Twitter is an interesting thing on a lot of levels. Way more interesting than it should be, really. After all, it’s just a massive stream of unrefined short communications that you tap into selectively—and then, very often, just whittle down again.
It’s so amorphous as to be only as useful as you make it, and not really designed for the OCD-types like myself. My inclination is to want to read everything someone I’m following writes, but that’s only realistic for a smallish number of people. My time being so scarce lately, when I get to Twitter, I focus on the Althouse-lists like Darcy’s coffee-hellos or Ruth Anne’s FTA list.
Even then, I have to stop myself from paging back, back, back.
I used to follow a bunch of celebrities. Not exactly A-Listers. Mostly comedians, vets and wannabes, and some musicians. But I had—and have—a rule: Mock Palin and you’re off the list.
It’s not that I’m a Palin fan, though I think she’s very clearly an admirable woman. (Also, while I’m damning with faint praise, I think it’s pretty clear at this point that of the four of them, she’d have been the most consistently sensible President.) But the smear campaign run against her was the most appalling thing I’ve seen since Junior High. And that’s about the level of it: The cool kids, who are cool solely by virtue of agreeing that they’re cool and having the megaphone, decided to hate the pretty newcomer who wasn’t one of them.
The levels of the smears were the same level, too. First they went after her for the way she dressed, then they went after her for changing the way she dressed. They fabricated lies to smear her with than echoed them back-and-forth to each other as if they were fact. Their fury, increasingly impotent though it is, continues to rail at this woman who dares to survive and flourish even though she’s hopelessly, terminally uncool.
Nobody should understand this better than a comedian. Comedians are almost universally losers. Ostracized growing up. (Maybe not Dane Cook.) Still on the outside of society in a lot of ways.
And, frankly, when I see them piling on, I find it pathetic. It’s such a cheap shot.
I forget what it was that Palin had done—maybe the “death panel” comment—but I ended up dumping most of the celebs I followed when they started mouthing off about her. I don’t even remember who they are any more, for the most part.
James Urbaniak (who plays Dr. Venture on the inestimable Venture Bros. cartoon) was particularly vile, and not the only one. I almost felt bad for dropping Michelle Collins because she actually pleaded “Please don’t drop me” right after her joke. Dana Gould—Jeez, I’ve always loved Gould’s dark schtick, which is almost entirely centered on being a doomed loser, and he, this guy who looks like he’s never been so much as camping, decided to take a shot at Palin’s grasp of reality.
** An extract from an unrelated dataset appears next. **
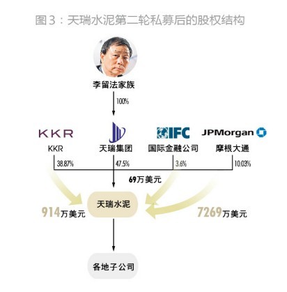 2008年,天瑞水泥繼續獲得第二輪合計8252萬美元私募股權融資,其中摩根大通投資7269萬美元獲得10.03%股權,KKR繼續跟投914萬美元,國際金融公司跟投69萬美元(圖3)。

Who else? Oh, the lovely and talented musician Marian Call. She actually didn’t make a comment directly because she’s smart enough to avoid those subjects, and said as much. And then…the temptation must have been too much, since she coyly linked to a really gross insult.
Does unfollowing mean I won’t be supporting these people in the future? Yeah, actually, it probably does, at least for a little while.
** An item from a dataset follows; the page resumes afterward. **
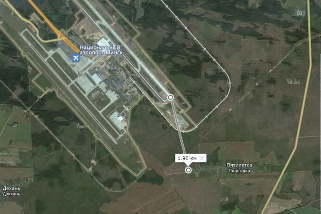 Расстояние от деревни Пятилетка до новой взлетно-посадочной полосы. Фото: скрин с Яндекс карты

I’m not much for fairness, but the whole assault on the Governor was so unfair as to get my hackles up. And I think this was obvious and blatant, and anyone being honest should be able to see that.
And, come to think of it, I never see comments like that from the few A-Listers I follow. (Kelsey Grammer, Kirstie Alley, Edgar Wright, Simon Pegg, etc.) I think that confirms my thesis about what’s behind the attacks.